This week just ended
US markets have continued to power on through the course of the year with the blue-chip index hitting its 46th consecutive high year to date on Monday posting a solid c. 23% in dollar terms and c. 20% in sterling terms. Given the backdrop of this performance and the fact that the overall index valuation is trading at premium compared to the long-term average, all eyes were focussed on company profitability and guidance from US executives to gauge the substance behind this American exceptionalism as US markets continue to demonstrate standout characteristics compared to bourses around the World.
By Friday, 67 out of the 500 companies in the index had provided their third quarter results with 76% posting upside surprises. Granted, the usual parlour trick was at play whereby the C-suite and industry sector analysts had already guided downwards prior to the results to dampen any disappointment but nonetheless, some of the actual results truly ‘knocked the ball out the park’ as they like to say across the pond.

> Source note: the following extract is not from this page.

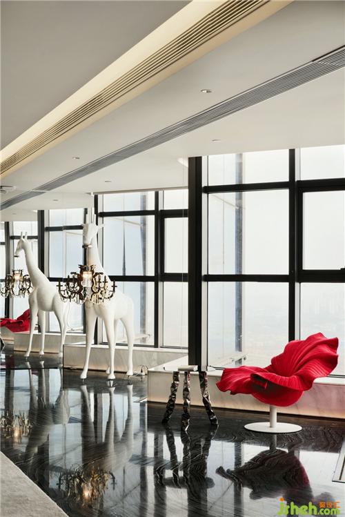 個性長頸鹿裝飾燈具端莊地立于空間一角,加注了空間的趣味感,綻放的紅色扶手椅與白墻相映成趣,氛圍呈現(xiàn)出極具品味華而不俗的空間氣質(zhì)店鋪裝修設(shè)計。

The US banking behemoths led the earnings season with notable upward revisions to Earnings Per Share – this is important as US financials can provide a bellwether of sorts on the health of the overall economy and the all-important US consumer which drives a staggering 70% of economic output in the US, making it by far the largest component of the US economy and driving growth in areas such as retail, services and housing.
One prominent Chief Financial Officer poignantly noted on the earnings update call with analysts that overall, he saw ‘quite a healthy consumer’ despite signs of weakness in the lower-income segment and as consequence the bank had increased its provisions to absorb any future credit card delinquencies. He concluded that ‘yes, the economy is slowing, but it seems to be on trend for very much of a soft landing.’ On Wednesday we had the US retail sales reading which came in with an increase of 0.4% month on month which was ahead of analyst expectations of 0.3% equating to growth of 1.7% year on year. This strong reading points towards a trifecta of positive data in recent weeks with a decline in unemployment and moderating inflation heading towards target.
On the subject of inflation, on Wednesday we had confirmation that UK inflation fell sharply in September and was within the Bank of England target of 2% for the first time in three years, with the headline rate dropping from 2.2% year over year to 1.7%. This was also firmly below consensus expectation of 1.9%. A rate cut in November looks certain and there is even some speculation in the market that the bank might adopt a US style ‘jumbo cut’ of 0.50% rather than 0.25% which would point towards faster and deeper rate cuts in the UK than had previously been anticipated by market participants.
This is exactly the debate that is ongoing in Europe at the moment as economic growth has been lacklustre despite record low levels of unemployment and prominent wage inflation. Much of the drag has been in the manufacturing sector which has been a long-term area of global excellence in the past but has faced significant headwinds with key German auto manufacturers even closing factories and laying off workers recently as actively declines.
It was no surprise then that the European Central Bank cut rates on Thursday for the third time by 0.25%. Headline inflation was revised down from 1.8% to 1.7% year over year within the Eurozone during the week, which again is leading to some speculation that the next leg down as part of the ECB’s easing cycle might be a ‘supersized’ 0.50% at the next meeting rather than a more progressive series of quarter point reductions.
This coming week
Data is pretty light next week but given the interest rate cuts that we saw from the ECB this week key things to look out for will be the readings for Euro Area Consumer Confidence survey and preliminary October manufacturing data from the Eurozone (PMI) on Thursday. We will also have Purchasing Manufacturing Indices for the UK and US and Japan. In the US we have MBA Mortgage Applications, Jobless Claims, Existing & New Home Sales which will all help provide a feel for the health of the all-important US consumer. In the UK we get a Consumer Confidence survey and the release of government spending/net borrowing figures on Tuesday which will be noteworthy given that we have the inaugural Budget of the new Labour government the week after.
The information in this blog or any response to comments should not be regarded as financial advice. If you are unsure of any of the terminology used, you should seek financial advice. Remember that the value of investments can go down as well as up, and could be worth less than what was paid in. The information is based on our understanding as at 18 October 2024.